Maisaku (毎索; the database of the Mainichi Shimbun)

Newspapers between 1872 and 1986 (115 years) are archived as images. The major articles in this part are stored with headings. This part had 2,325,658 articles. Newspapers between 1987 and 2021 (35 years) are archived as text. This part had 7,434,078 articles. Thus, the total number of articles was 9,759,736.

Procedure

To obtain the number of articles in the databases by year, I conducted a series of searches without entering words in the search box in each of the databases for a given year. Usually, words or phrases are entered to search articles, but here, I intentionally entered no words in the search box.

Data Records

Performing these procedures, the numbers of articles in each of the three national newspapers by year are indicated in Fig. 1 (Yomidas Rekishikan; ヨミダス歴史館; the database of the Yomiuri Shimbun), Fig. 2 (Kikuzo II Visual; 聞蔵IIビジュアル; the database of the Asahi Shimbun), and Fig. 3 (Maisaku; 毎索; the database of the Mainichi Shimbun). The raw data are archived on the Open Science Framework (OSF) platform (https://doi.org/10.17605/OSF.IO/F8SH317).

Fig. 1
figure 1

The numbers of articles in the Yomidas Rekishikan (ヨミダス歴史館; the database of the Yomiuri Shimbun; 1874–2021).

Note. Black bars indicate the numbers of articles in the scanned image dataset (1874–1989), and blue bars indicate the numbers of articles in the text dataset (1986–2021).

Fig. 2
figure 2

The numbers of articles in the Kikuzo II Visual (聞蔵IIビジュアル; the database of the Asahi Shimbun; 1879–2021).

Note. Black bars indicate the numbers of articles in the scanned image dataset (1879–1999), and blue bars indicate the numbers of articles in the text dataset (1984–2021).

Fig. 3
figure 3

The numbers of articles in the Maisaku (毎索; the database of the Mainichi Shimbun; 1872–2021).

Note. Black bars indicate the numbers of articles in the scanned image dataset (1872–1986), and blue bars indicate the numbers of articles in the text dataset (1987–2021).

In Fig. 3a, which visualizes the numbers of articles between 1872 and 2021, the numbers of yearly articles between 1872 and 1944 are difficult to see because they are relatively smaller than those after the period. Thus, I added the other figure (Fig. 3b) focusing on this period.

Figure 4 shows the numbers of articles in all three national newspapers by year to see differences among the three newspapers.

Fig. 4
figure 4

The numbers of articles in the three newspaper databases (1872–2021).

Note. In the periods when there were two values from both the scanned image dataset and text dataset in the Yomidas Rekishikan (the Yomiuri Shimbun database) and the Kikuzo II Visual (the Asahi Shimbun database), larger values were used.

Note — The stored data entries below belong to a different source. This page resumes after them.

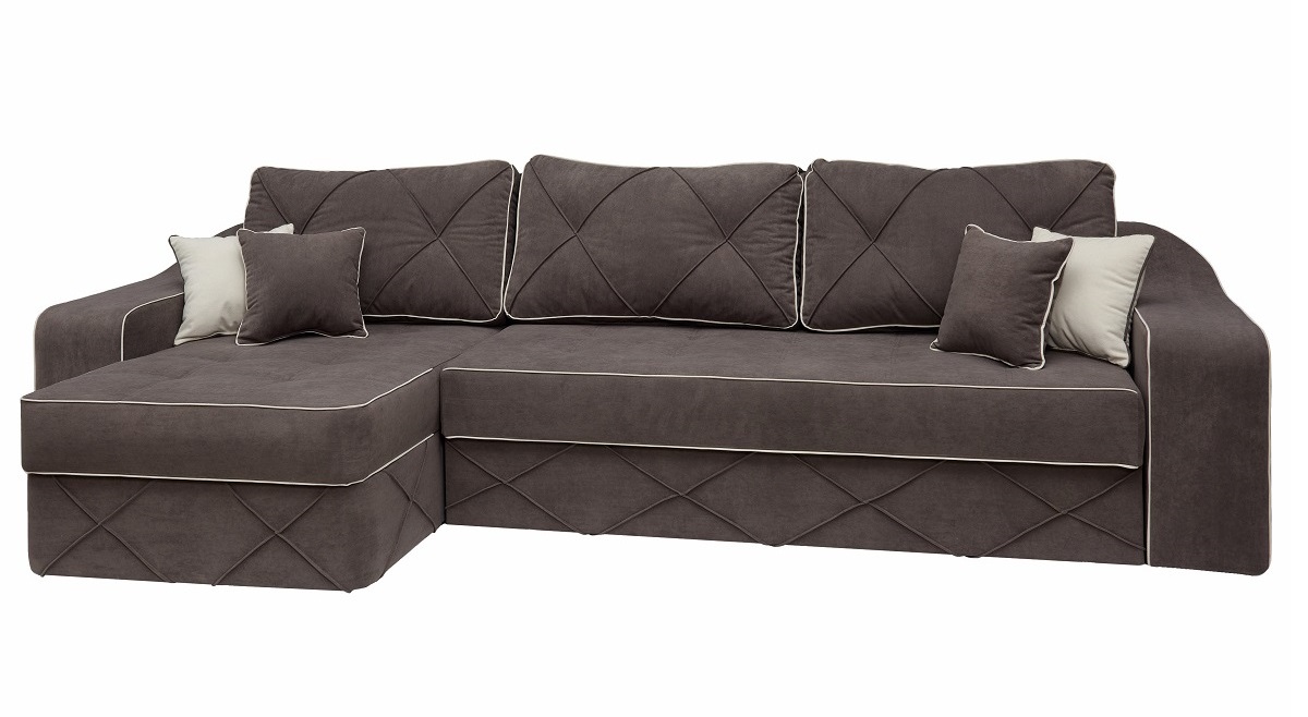 Диван угловой «Нежность» (4 подушки, кант) Omega 17, кант Omega 30
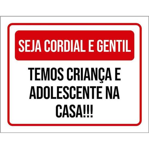 Placa Sinalização - Seja Cordial Gentil Temos Criança 36x46 - Informações do Produto: Placas decorativas fabricadas com poliestireno de alto impacto PSAI de 2mm e adesivo vinil automotivo de alta performance. - Medidas: 36cm x 46cm - Fixação: Todas as placas possuem adesivo dupla face para aplicação em qualquer tipo de superfície lisa. de 12 meses e disponibilidade imediata. Marca: Não Informado Ean: 7794882622742
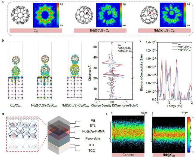 该研究报道了一种磁性金属钕内嵌富勒烯-聚合物(Nd@C82-PMMA)偶联层,该偶联层通过界面极化,增强了电子提取效率,同时兼具原位封装和超快电子提取的特点,在促进电子高效传输的同时,抑制了离子扩散,保护了钙钛矿层免受水和氧气的侵蚀,助力效率和稳定性的同步提升。
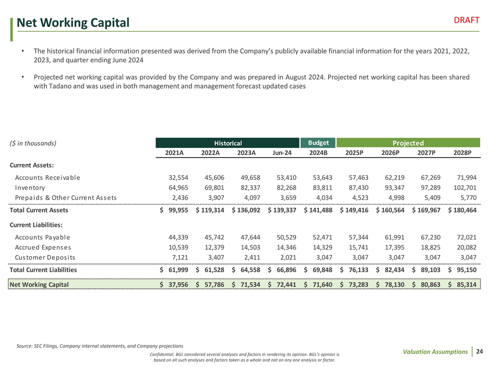 净营运资本草案•所提供的历史财务信息来自公司公开的2021年、2022年、2023年和截至2024年6月的季度的财务信息•预计净营运资本由公司提供,于2024年8月编制。预计净营运资本已与Tadano共享,并用于管理层和管理层预测更新案例预算(千美元)历史预计2021A 2022A 2023A Jun-24 2024B 2025P 2026P 2027P 2028P流动资产:应收账款32,55445,60649,65853,41053,64357,46362,21967,26971,994存货64,96569,80182,33782,26883,81187,43093,34797,289102,701预付和其他流动资产2,4363,9074,0973,6594,0344,5234,9985,4095,770流动资产总额$ 99,955 $ 119,314 $ 136,092 $ 139,337 $ 141,488 $ 149,416 $ 160,564 $ 169,967 $ 180,464流动负债:应付账款44,33945,74247,64450,52952,47157,34461,99167,23072,021应计费用10,53912,37914,50314,34614,32915,74117,39518,82520,082客户存款7,1213,4072,4112,0213,0473,0473,0473,047流动负债总额$ 61,999 $ 61,528 $ 64,558 $ 66,896 $ 69,848 $ 76,133 $ 82,434 $ 89,103 $ 95,150净营运资本$ 37,956 $ 57786美元71,534美元72,441美元71,640美元73,283美元78,130美元80,863美元85,314资料来源:SEC文件、公司内部声明和公司预测24估值假设保密:BGL在发表意见时考虑了几项分析和因素。BGL的意见是基于所有这些分析和因素作为一个整体,而不是基于任何一个分析或因素。
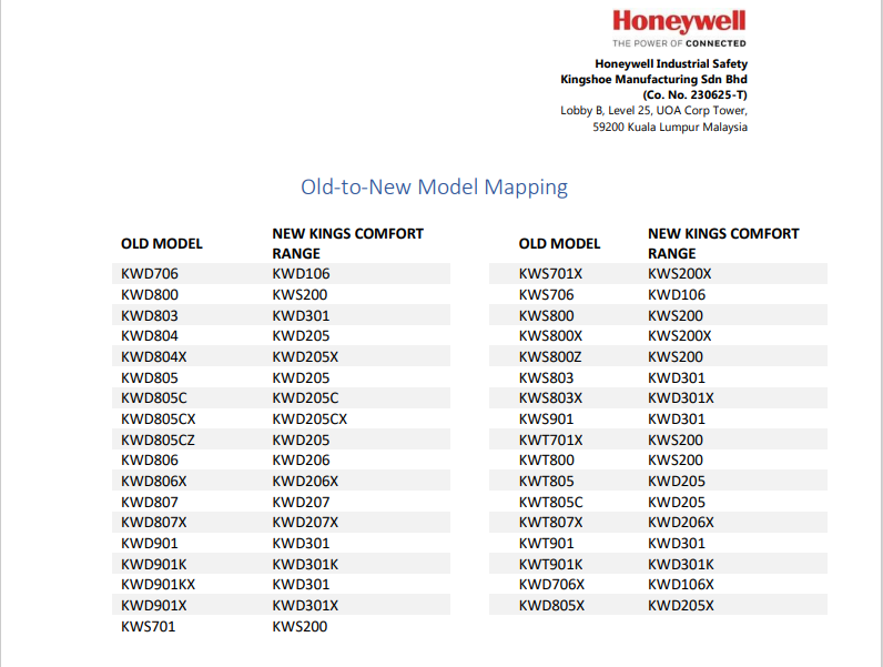 THÔNG BÁO BẢNG MÃ THAY THẾ GIẦY HONEYWELL
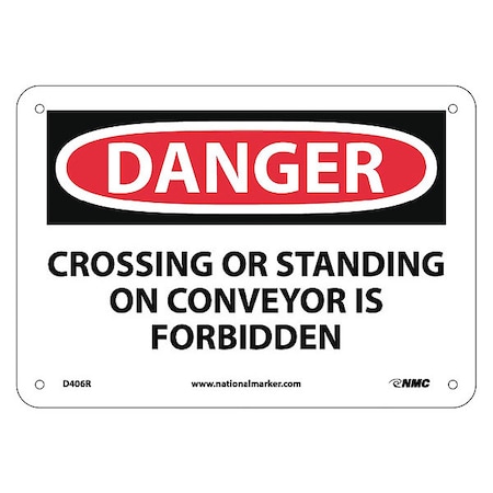 NMC D406R OSHA Sign, Legend "DANGER - CROSSING OR STANDING ON CONVEYOR IS FORBIDDEN", 10" Length x 7" Height, Rigid Plastic, Black on White
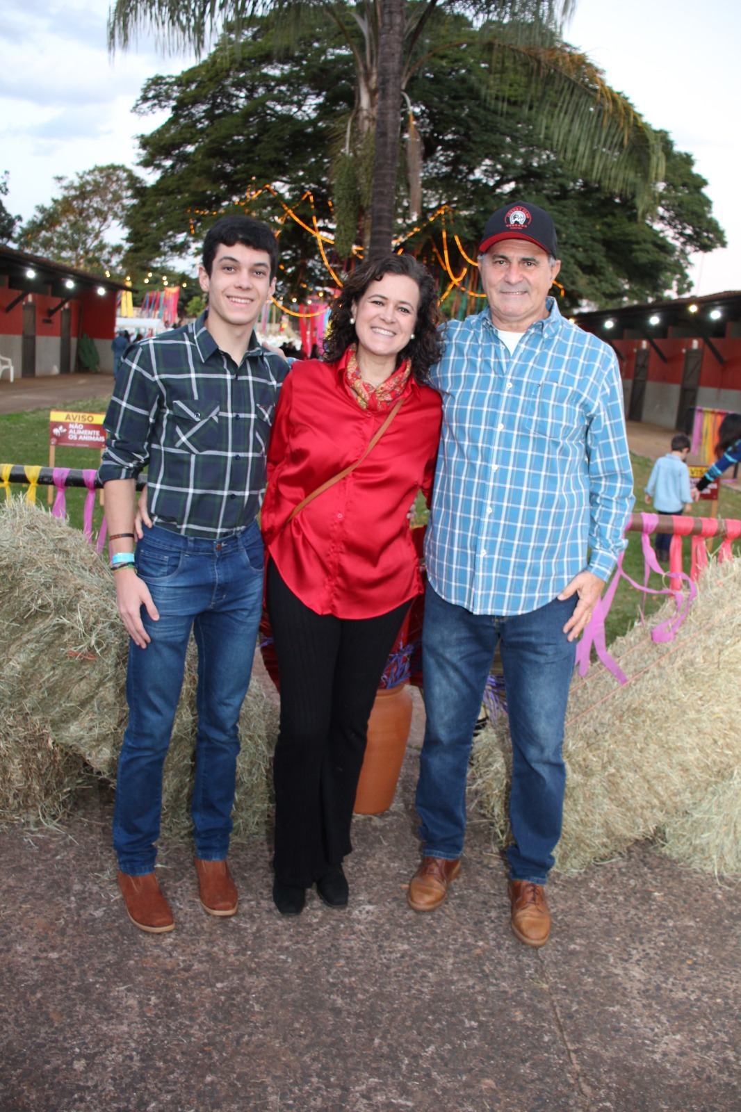 Inácio Andrade e seus pais Cláudia Cartafina e Evandro Andrade aproveitaram a festa junina do Jockey Club para rever os amigos no último sábado
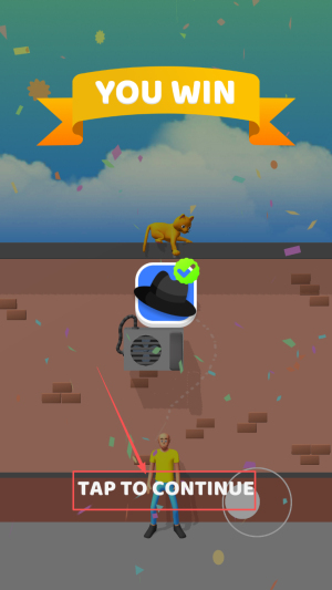 4、屏幕显示「YOU WIN」时,点击「TAP TO CONTINUE」进入下一关。

In this article, I provided the total numbers of articles by year in the databases. By applying this procedure, numbers of articles by component, such as sections (e.g., politics, economic), regions (e.g., Tokyo, Osaka), and time periods (e.g., before and after World War II, during major natural disasters) are also available.

Technical Validation

It is necessary to confirm whether the procedure indeed captures the number of articles by year in the databases: the validity of this procedure. I asked each of the newspaper companies (the Yomiuri Shimbun, the Asahi Shimbun, and the Mainichi Shimbun) whether a search without entering words in the search box indeed yields the number of articles for a given year. All the companies answered that this assumption is correct. Thus, the validity of this procedure has been officially confirmed.

Usage Notes

Three notes should be explained to use these data appropriately. First, these numbers are not equal to the numbers of articles published in printed versions of the newspapers. They might be different from each other. The databases do not include some articles for some reasons such as infringement of copyrights and protection of private information.

Second, the numbers in the databases are at the point of December 2022. As explained above, these numbers can change over time. Thus, if users of these datasets need accurate numbers of articles at a given time, it is recommended that they follow the same procedure that I explained above. If users do not need very exact numbers of articles, they can use these datasets as they are.

Third, the numbers do not include the number of advertisements published in newspapers because they are different from written articles in nature.